Schlomo Goltz, author of “A Closer Look at Personas Part I,” quotes entrepreneur and public speaker Seth Godin, “Treat different people differently. Anything else is a compromise.” This statement can be used to inform the public historian’s quest to appropriately address audience, engagement, and the process of co-creation.

Understanding the audience for any public history project, digital or not, is essential to the exhibit’s effectiveness. John Kuo Wei Tchen in “Creating a Dialogic Museum: The Chinatown History Museum Experiment” notes that the quest to determine audience should be determined by a fluid and dialogue-driven approach involving all parties connected to the history being presented. In other words, multi-cultural concerns should be considered so that projects do not alienate or segregate patron groups. Public historians must strive to reach all communities as they present and interpret historical narratives to the public. Such narratives and exhibitions must possess both scholarly integrity and engaging content. Kuo Wei Tchen summarizes this balance: “At their best, public humanities programs should create expansive, convivial places in which social problems are pried open for critical examination. Such programs should make a special effort to include those who have not been a part of the traditional groups of our public culture,” (320).

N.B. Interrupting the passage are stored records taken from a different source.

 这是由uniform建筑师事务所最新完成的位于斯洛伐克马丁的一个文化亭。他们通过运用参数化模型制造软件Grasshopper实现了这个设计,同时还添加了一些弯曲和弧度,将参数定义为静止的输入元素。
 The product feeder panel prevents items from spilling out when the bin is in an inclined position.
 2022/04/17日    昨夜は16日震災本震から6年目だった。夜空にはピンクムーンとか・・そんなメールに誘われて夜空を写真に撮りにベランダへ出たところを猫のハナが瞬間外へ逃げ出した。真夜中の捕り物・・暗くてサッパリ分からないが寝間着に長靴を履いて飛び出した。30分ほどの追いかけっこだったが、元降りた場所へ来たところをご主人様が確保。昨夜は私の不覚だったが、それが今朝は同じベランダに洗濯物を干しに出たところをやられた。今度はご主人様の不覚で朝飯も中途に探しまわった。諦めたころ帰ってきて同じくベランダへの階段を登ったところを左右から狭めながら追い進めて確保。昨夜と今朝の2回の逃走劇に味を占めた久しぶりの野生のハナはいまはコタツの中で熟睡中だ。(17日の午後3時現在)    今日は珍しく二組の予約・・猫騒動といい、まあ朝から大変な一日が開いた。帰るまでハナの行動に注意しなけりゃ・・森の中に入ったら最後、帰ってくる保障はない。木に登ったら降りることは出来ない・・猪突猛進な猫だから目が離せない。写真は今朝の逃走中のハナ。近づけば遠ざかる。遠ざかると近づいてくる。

The engagement piece of public history connects audience with co-creation. Two of our readings dealt with the relationship between these three important elements. Katharine T. Corbett and Dick Miller’s article “A Shared Inquiry into Shared Inquiry” and Michael Frisch’s essay “From A Shared Authority to the Digital Kitchen, and Back” from the text Letting Go? make several significant points. For example, there is a difference between experience versus expertise, knowledge creation versus knowledge consumption, and the responsibility of sharing authority in the digital age. The authors argue that the digital age and the new software tools that accompany this new era have drastically shifted the ways in which primary sources are published, interpreted, organized, and presented to the public. I particularly enjoyed thinking about the differences between “raw” and “cooked” sources. Traditionally, raw data gathered through research and collation led to a finished “cooked” product or analysis produced by public historians. Frisch concludes that the murkiness created by published metadata and crowdsourcing has led to “a more creative, more open-ended, less linear, and hence more sharable space,” (129-130). I agree with this conclusion but find myself a bit resistant in my perceived role as a trained historian. This will no doubt be a challenge for me moving forward in future digital public history projects.

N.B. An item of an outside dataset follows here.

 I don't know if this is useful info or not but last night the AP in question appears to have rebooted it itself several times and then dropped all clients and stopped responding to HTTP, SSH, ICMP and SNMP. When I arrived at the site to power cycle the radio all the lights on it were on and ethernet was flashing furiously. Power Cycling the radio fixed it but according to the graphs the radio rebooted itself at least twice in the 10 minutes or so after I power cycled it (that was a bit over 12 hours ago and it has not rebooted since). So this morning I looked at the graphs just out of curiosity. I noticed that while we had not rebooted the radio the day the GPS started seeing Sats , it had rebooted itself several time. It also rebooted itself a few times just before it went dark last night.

Finally, creating and understanding the role of creating personas as part of the project design process is a new concept for me. However, after our readings I feel quite enlightened. Metaphorically speaking, it is as if I’ve just discovered a box hidden under the bed, and its contents contain answers to questions I had never before considered. Creating personas in the design and planning phases of nashvillesites.org will be essential in the effective implementation of my project. Personas can and will make me more aware of audience, more focused on engagement, and more willing to co-create and share authority.

The History of Digital Public History

1) How has the work of digital public history changed over time?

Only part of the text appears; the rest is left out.